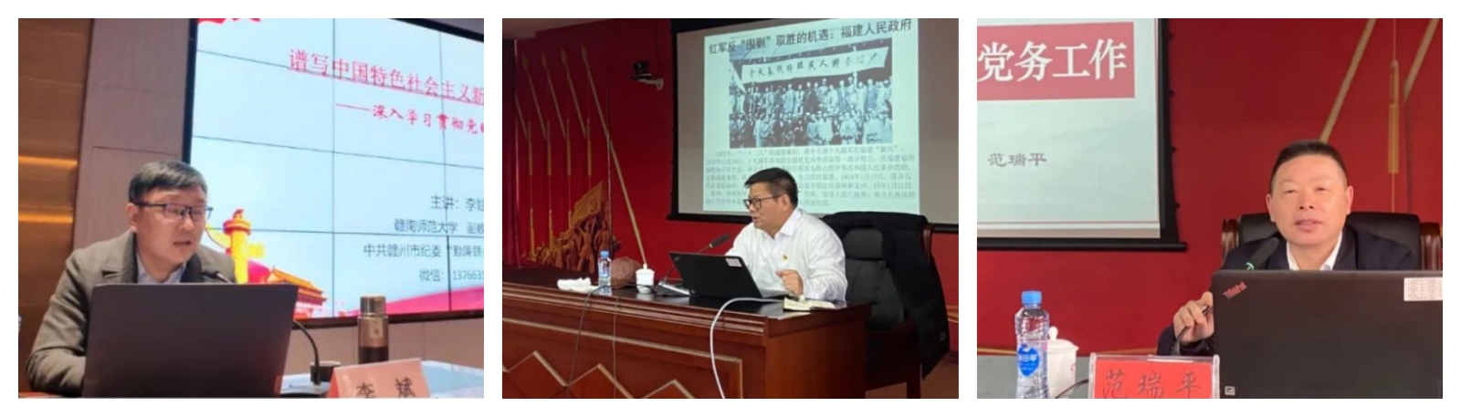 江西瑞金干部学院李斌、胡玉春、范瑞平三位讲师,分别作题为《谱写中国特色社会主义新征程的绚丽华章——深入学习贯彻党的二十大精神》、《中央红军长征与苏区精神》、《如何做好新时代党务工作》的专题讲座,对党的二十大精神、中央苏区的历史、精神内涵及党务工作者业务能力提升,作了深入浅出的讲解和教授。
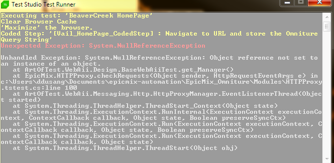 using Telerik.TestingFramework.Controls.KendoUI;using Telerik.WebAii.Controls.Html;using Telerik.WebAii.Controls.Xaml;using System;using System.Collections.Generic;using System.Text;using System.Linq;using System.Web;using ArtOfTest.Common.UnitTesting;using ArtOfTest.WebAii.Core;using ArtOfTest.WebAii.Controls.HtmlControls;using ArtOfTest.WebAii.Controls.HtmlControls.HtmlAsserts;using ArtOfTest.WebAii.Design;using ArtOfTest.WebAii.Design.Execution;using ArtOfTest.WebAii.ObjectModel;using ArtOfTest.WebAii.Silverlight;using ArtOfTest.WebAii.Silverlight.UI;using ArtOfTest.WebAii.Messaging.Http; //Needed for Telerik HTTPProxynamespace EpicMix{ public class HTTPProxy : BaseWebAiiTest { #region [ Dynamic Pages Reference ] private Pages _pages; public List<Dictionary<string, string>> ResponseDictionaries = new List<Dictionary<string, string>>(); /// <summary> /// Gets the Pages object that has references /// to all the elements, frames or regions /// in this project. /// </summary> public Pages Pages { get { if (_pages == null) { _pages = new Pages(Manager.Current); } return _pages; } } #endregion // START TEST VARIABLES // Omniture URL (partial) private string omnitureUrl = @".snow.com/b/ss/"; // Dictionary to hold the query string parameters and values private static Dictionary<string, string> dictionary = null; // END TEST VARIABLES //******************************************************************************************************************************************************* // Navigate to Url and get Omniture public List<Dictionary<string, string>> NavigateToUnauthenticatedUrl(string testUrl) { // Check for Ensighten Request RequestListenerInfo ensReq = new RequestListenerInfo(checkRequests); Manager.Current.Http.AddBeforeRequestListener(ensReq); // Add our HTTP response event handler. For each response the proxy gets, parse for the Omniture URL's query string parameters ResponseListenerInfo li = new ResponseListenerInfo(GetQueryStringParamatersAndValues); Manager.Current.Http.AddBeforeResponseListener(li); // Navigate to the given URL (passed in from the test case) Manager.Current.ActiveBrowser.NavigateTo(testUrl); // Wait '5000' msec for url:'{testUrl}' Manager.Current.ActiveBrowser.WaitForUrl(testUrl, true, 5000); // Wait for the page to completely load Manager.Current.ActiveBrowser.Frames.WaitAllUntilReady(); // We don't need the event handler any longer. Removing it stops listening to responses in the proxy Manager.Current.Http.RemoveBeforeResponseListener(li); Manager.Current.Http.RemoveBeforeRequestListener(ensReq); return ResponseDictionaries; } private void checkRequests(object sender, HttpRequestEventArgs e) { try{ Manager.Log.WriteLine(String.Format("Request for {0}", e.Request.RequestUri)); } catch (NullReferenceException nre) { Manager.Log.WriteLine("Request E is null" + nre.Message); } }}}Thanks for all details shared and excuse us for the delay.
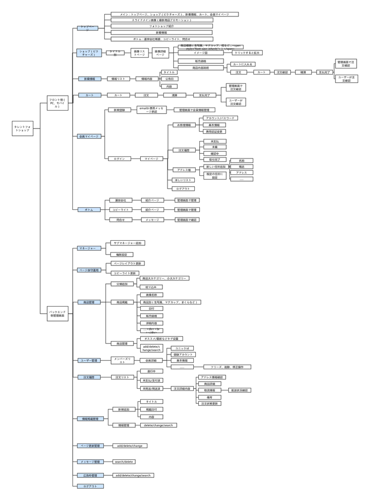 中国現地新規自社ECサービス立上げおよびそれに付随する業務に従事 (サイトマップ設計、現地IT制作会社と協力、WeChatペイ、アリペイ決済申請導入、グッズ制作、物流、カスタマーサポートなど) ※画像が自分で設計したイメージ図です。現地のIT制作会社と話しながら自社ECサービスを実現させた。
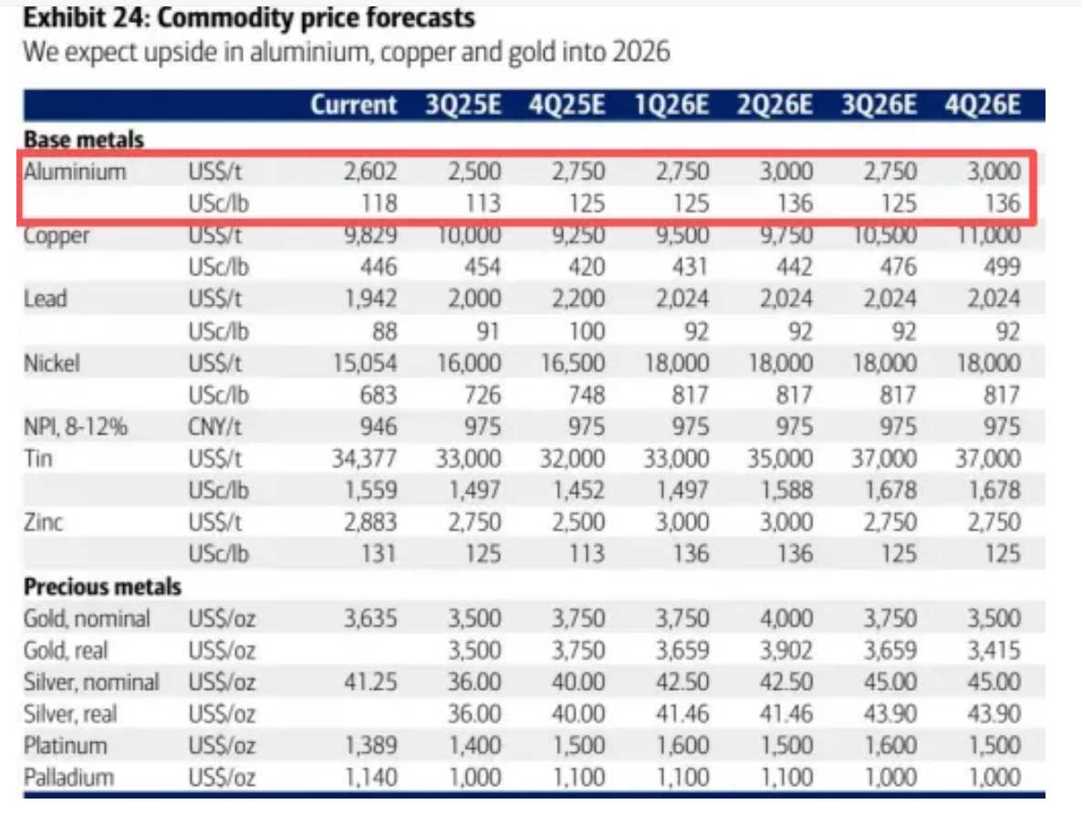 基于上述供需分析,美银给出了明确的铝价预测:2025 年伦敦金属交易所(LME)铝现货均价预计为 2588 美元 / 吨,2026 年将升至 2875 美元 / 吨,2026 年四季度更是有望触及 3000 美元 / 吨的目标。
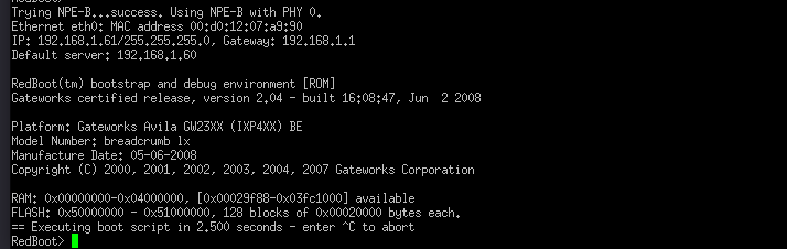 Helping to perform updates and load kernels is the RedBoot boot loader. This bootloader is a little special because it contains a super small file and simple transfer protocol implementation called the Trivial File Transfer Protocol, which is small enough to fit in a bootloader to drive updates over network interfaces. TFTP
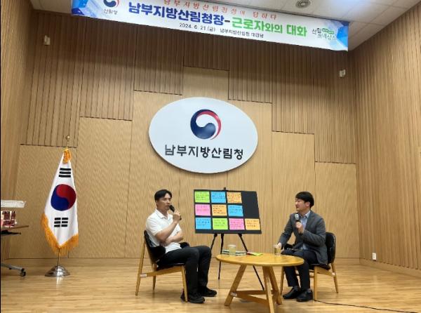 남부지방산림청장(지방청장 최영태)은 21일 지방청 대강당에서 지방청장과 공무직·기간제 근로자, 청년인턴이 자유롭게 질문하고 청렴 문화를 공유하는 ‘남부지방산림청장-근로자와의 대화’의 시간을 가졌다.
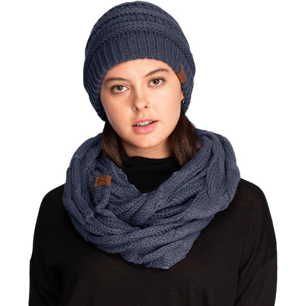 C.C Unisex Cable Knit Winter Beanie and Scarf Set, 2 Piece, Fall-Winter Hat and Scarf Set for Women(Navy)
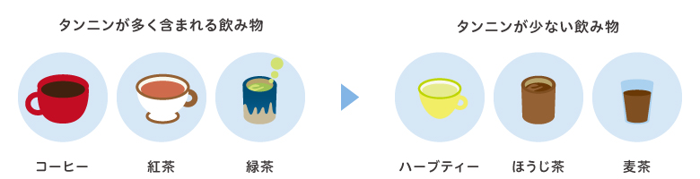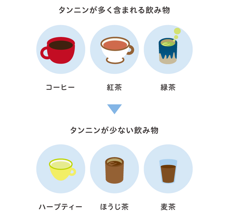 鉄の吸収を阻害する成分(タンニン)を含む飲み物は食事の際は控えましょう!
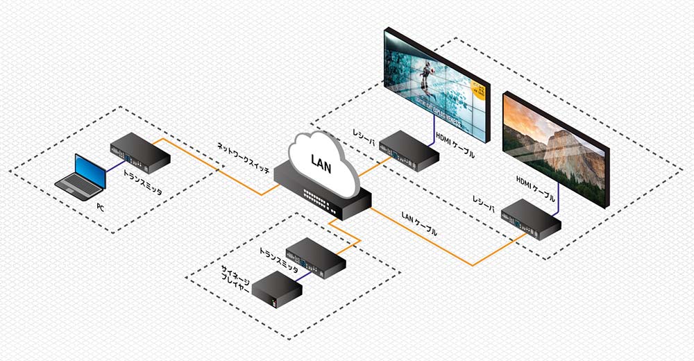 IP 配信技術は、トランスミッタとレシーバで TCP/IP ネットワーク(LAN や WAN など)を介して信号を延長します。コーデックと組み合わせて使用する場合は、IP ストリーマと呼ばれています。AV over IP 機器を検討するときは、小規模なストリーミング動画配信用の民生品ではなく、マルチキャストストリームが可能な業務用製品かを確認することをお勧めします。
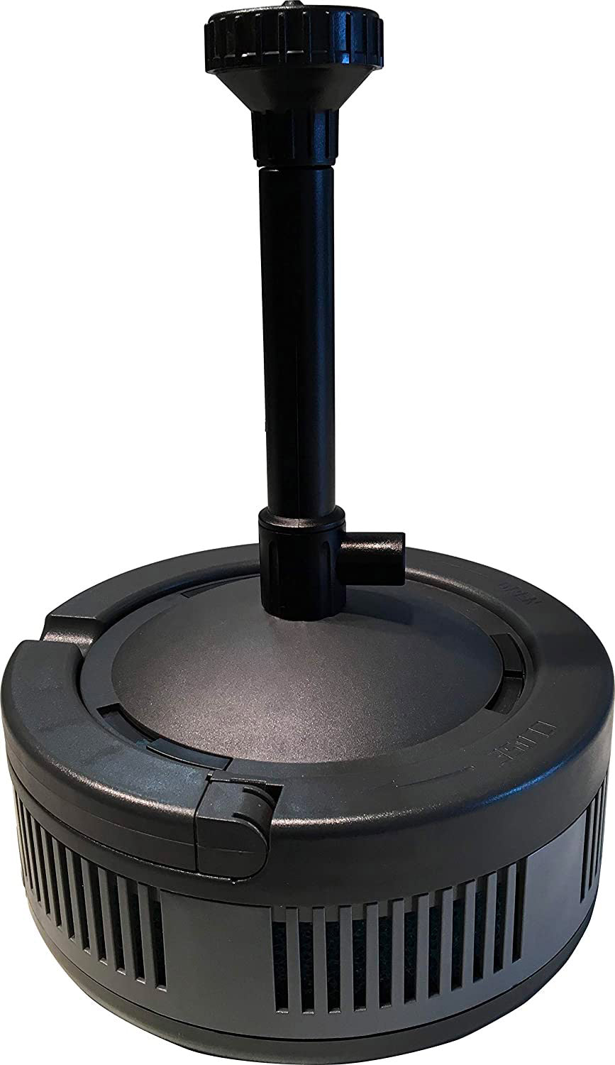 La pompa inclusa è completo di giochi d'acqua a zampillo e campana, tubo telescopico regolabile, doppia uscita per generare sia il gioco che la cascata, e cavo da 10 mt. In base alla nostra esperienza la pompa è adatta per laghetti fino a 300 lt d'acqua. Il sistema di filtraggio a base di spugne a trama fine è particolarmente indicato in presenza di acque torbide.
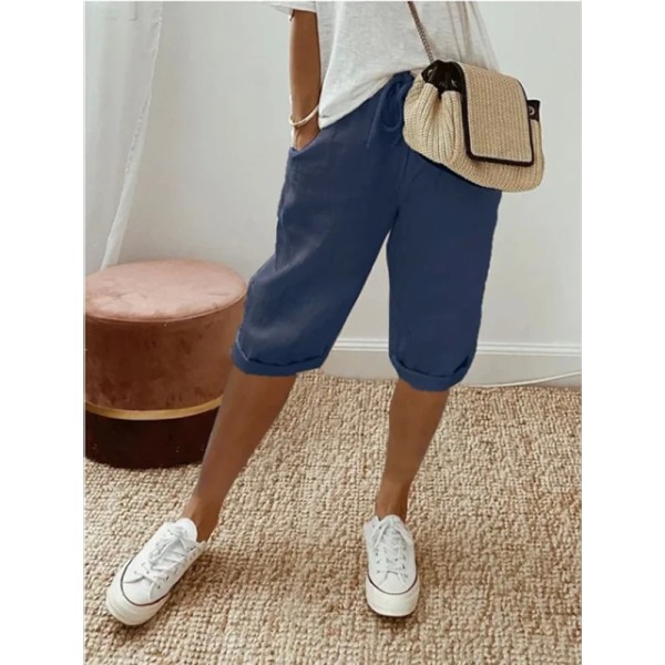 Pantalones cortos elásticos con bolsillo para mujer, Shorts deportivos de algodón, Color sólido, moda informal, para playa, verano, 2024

Task statement:
Copy the entries above exactly from the line with "Helping to perform" down to their last line, both ends included. Do not copy any pictures.

The answer:
 Helping to perform updates and load kernels is the RedBoot boot loader. This bootloader is a little special because it contains a super small file and simple transfer protocol implementation called the Trivial File Transfer Protocol, which is small enough to fit in a bootloader to drive updates over network interfaces. TFTP
 남부지방산림청장(지방청장 최영태)은 21일 지방청 대강당에서 지방청장과 공무직·기간제 근로자, 청년인턴이 자유롭게 질문하고 청렴 문화를 공유하는 ‘남부지방산림청장-근로자와의 대화’의 시간을 가졌다.
 C.C Unisex Cable Knit Winter Beanie and Scarf Set, 2 Piece, Fall-Winter Hat and Scarf Set for Women(Navy)
 鉄の吸収を阻害する成分(タンニン)を含む飲み物は食事の際は控えましょう!
 IP 配信技術は、トランスミッタとレシーバで TCP/IP ネットワーク(LAN や WAN など)を介して信号を延長します。コーデックと組み合わせて使用する場合は、IP ストリーマと呼ばれています。AV over IP 機器を検討するときは、小規模なストリーミング動画配信用の民生品ではなく、マルチキャストストリームが可能な業務用製品かを確認することをお勧めします。
 La pompa inclusa è completo di giochi d'acqua a zampillo e campana, tubo telescopico regolabile, doppia uscita per generare sia il gioco che la cascata, e cavo da 10 mt. In base alla nostra esperienza la pompa è adatta per laghetti fino a 300 lt d'acqua. Il sistema di filtraggio a base di spugne a trama fine è particolarmente indicato in presenza di acque torbide.
 Pantalones cortos elásticos con bolsillo para mujer, Shorts deportivos de algodón, Color sólido, moda informal, para playa, verano, 2024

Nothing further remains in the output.